I have a gas transitioning adiabatically between A ($P_1$, $V_1$) and B ($P_2$, $V_2$) where $P_1>P_2$ and $V_2>V_1$. The question is to determine the net work done on the gas if the gas is first expanded reversibly from A to B ($w = dE = C_v(T_2-T_1)$), and then compressed irreversibly from B to A ($w = -P_{ext}(V_1-V_2)$) at a constant external pressure defined by A. In this scenario, simply looking at the areas under the graphs the net work should be positive.
I am trying to reconcile this with $dE$ for the gas. For the roundtrip transition (A to B to A), $dE = 0$. And if we take each step as adiabatic, then $dE = w$ for each step, but as I have described above you would end up with two different values for $dE$ for each step, thus $dE$ not equal to zero. My logic is flawed somewhere. If I compress irreversibly would the transition still be adiabatic? Alternatively, is the original scenario flawed: can I have an irreversible adiabatic transition?
Best Answer
In irreversible adiabatic expansion, the volume change is more as compared to that in reversible adiabatic expansion (for the same final pressure value and same initial conditions). Thus, the assumption of getting back to A from B by irreversible adiabatic process is wrong.

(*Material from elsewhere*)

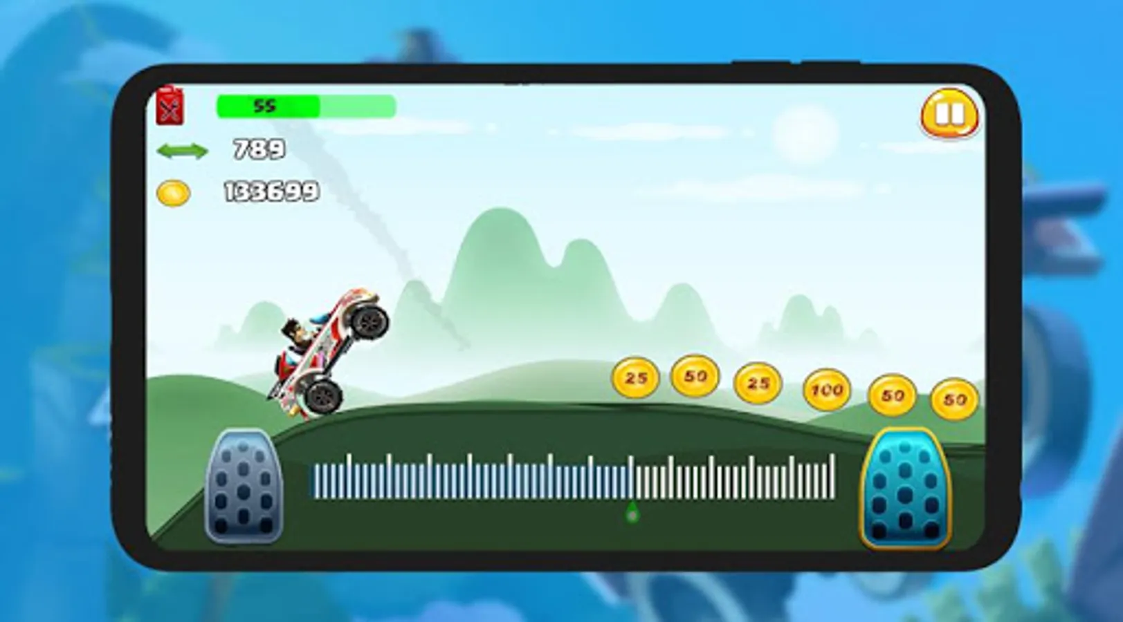 Get ready to play for the Rugged Mountain Race, the fun type of Off Road racing. Get ready for all the details in a fun game. 15 different episodes with 20 different maps will enjoy a fun way off road gaming. In the game you can increase the power of the vehicle can increase the power of your suspension can increase your fuel savings and faster and more powerful vehicle engine can go with the department. If you have difficulty in collecting gold, you can buy gold from the store and immediately upgrade your vehicles to enjoy the game.

This change in volume can be understood by this simple example: Suppose you have gas in an adiabatic container with a piston above where a large number of blocks are kept. Then, for a reversible adiabatic process, you remove a block and wait for the system to attain equilibrium so that the gas nearby gets enough time to compensate the energy loss from previous collision with piston. Whereas, for an irreversible adiabatic expansion, you remove many blocks instantaneously to reduce the pressure, so the gas near the piston doesn't get enough time to regain energy and thus doesn't collide efficiently and hence does lesser work as compared to that in reversible adiabatic expansion. That implies greater change in volume for the same pressure change in irreversible adiabatic expansion as compared to in reversible adiabatic expansion.
You may even try understanding it by writing equation for work done.